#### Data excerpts
★ ★ ★
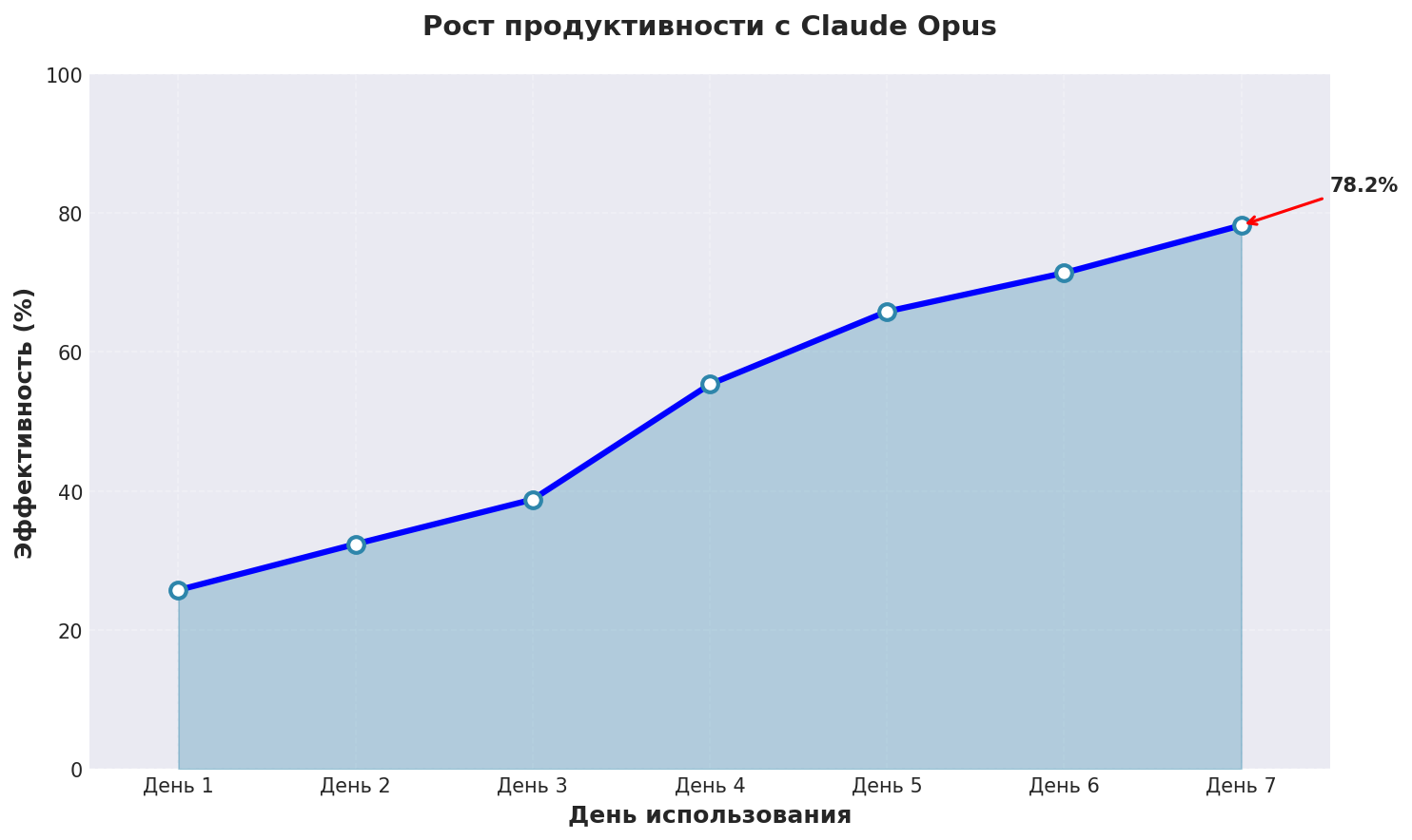 График показывает реальный рост эффективности бесплатная нейросеть для создания текста при использовании Claude Opus с применением описанных техник
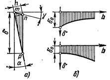 Масса изношенной части инструмента равна произведению объема W изношенной части и плотности rи инструментального материала, т. е. М = Wrи. Объем изношенной части задней поверхности может быть вычислен на основании рис. 5. В сечении главной секущей плоскостью площадь mph сечения истираемой части режущего клина равна площади треугольника тпр (рис. 5, а).
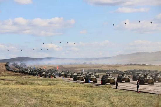 金秋的楚戈尔训练场天高云淡。当地时间9月13日12时许,伴随着直升机编队由远而近的轰鸣声,空降突击分队开始机动防御部署,正式拉开实兵实弹演练的序幕。
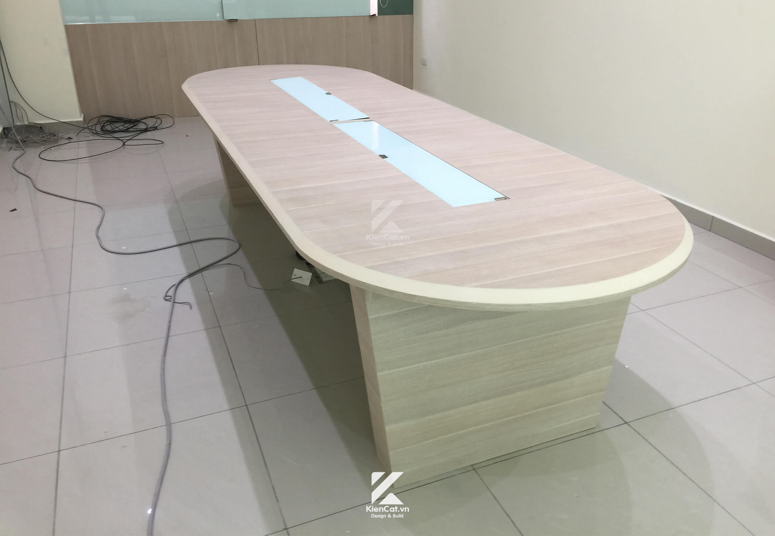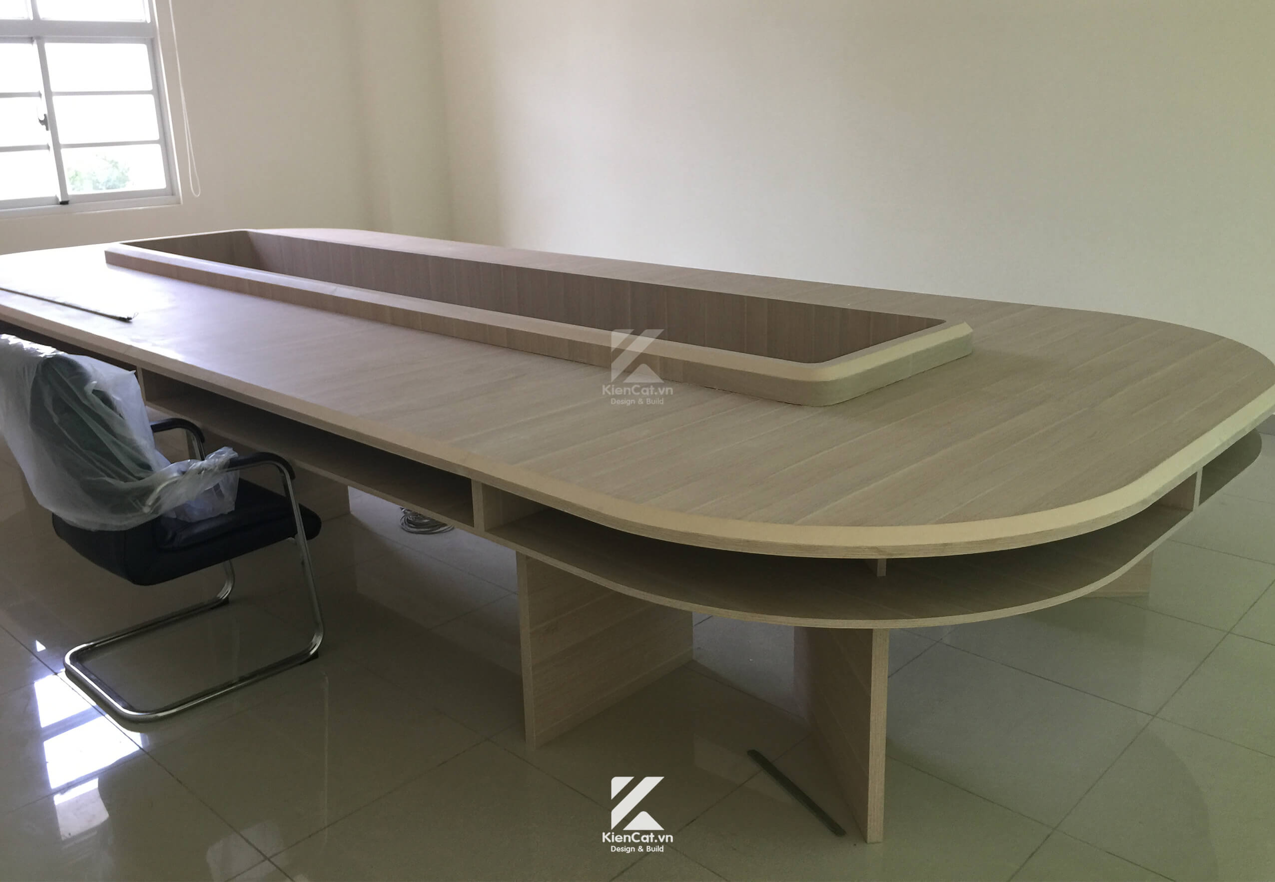 Phòng họp được tích hợp bàn họp lớn quy mô hơn 10 người. Được thiết kế hiện đại, phá cách và thi công sắc nét, tinh xảo.
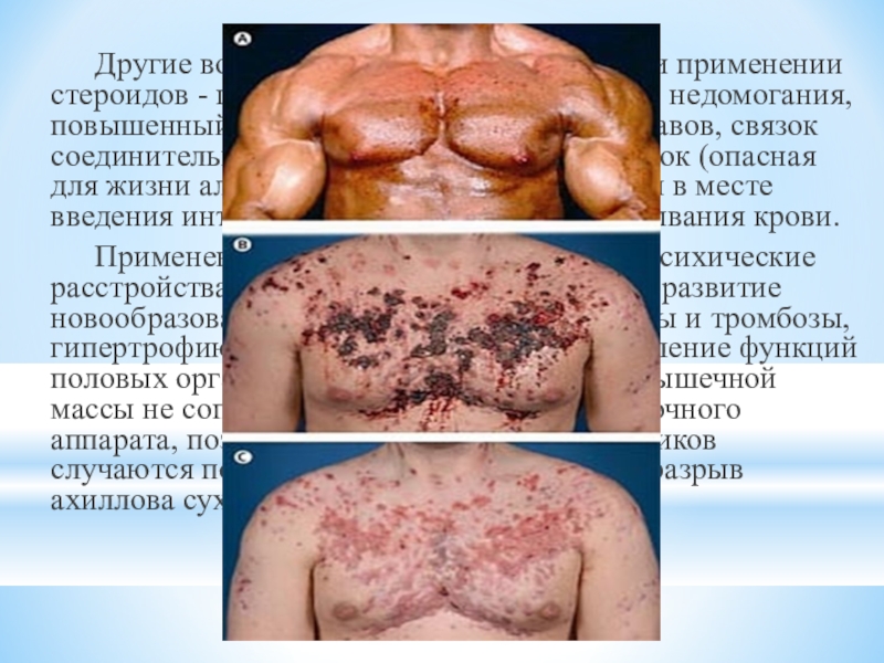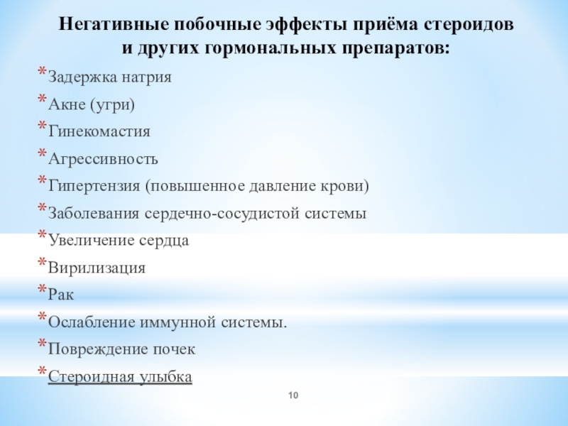 Слайд 10Негативные побочные эффекты приёма стероидов и других гормональных препаратов:
★ ★ ★
#### About this task
Line for line, restate the data above and omit every picture.

#### Output for this exercise
 График показывает реальный рост эффективности бесплатная нейросеть для создания текста при использовании Claude Opus с применением описанных техник
 Масса изношенной части инструмента равна произведению объема W изношенной части и плотности rи инструментального материала, т. е. М = Wrи. Объем изношенной части задней поверхности может быть вычислен на основании рис. 5. В сечении главной секущей плоскостью площадь mph сечения истираемой части режущего клина равна площади треугольника тпр (рис. 5, а).
 金秋的楚戈尔训练场天高云淡。当地时间9月13日12时许,伴随着直升机编队由远而近的轰鸣声,空降突击分队开始机动防御部署,正式拉开实兵实弹演练的序幕。
 Phòng họp được tích hợp bàn họp lớn quy mô hơn 10 người. Được thiết kế hiện đại, phá cách và thi công sắc nét, tinh xảo.
 Слайд 10Негативные побочные эффекты приёма стероидов и других гормональных препаратов:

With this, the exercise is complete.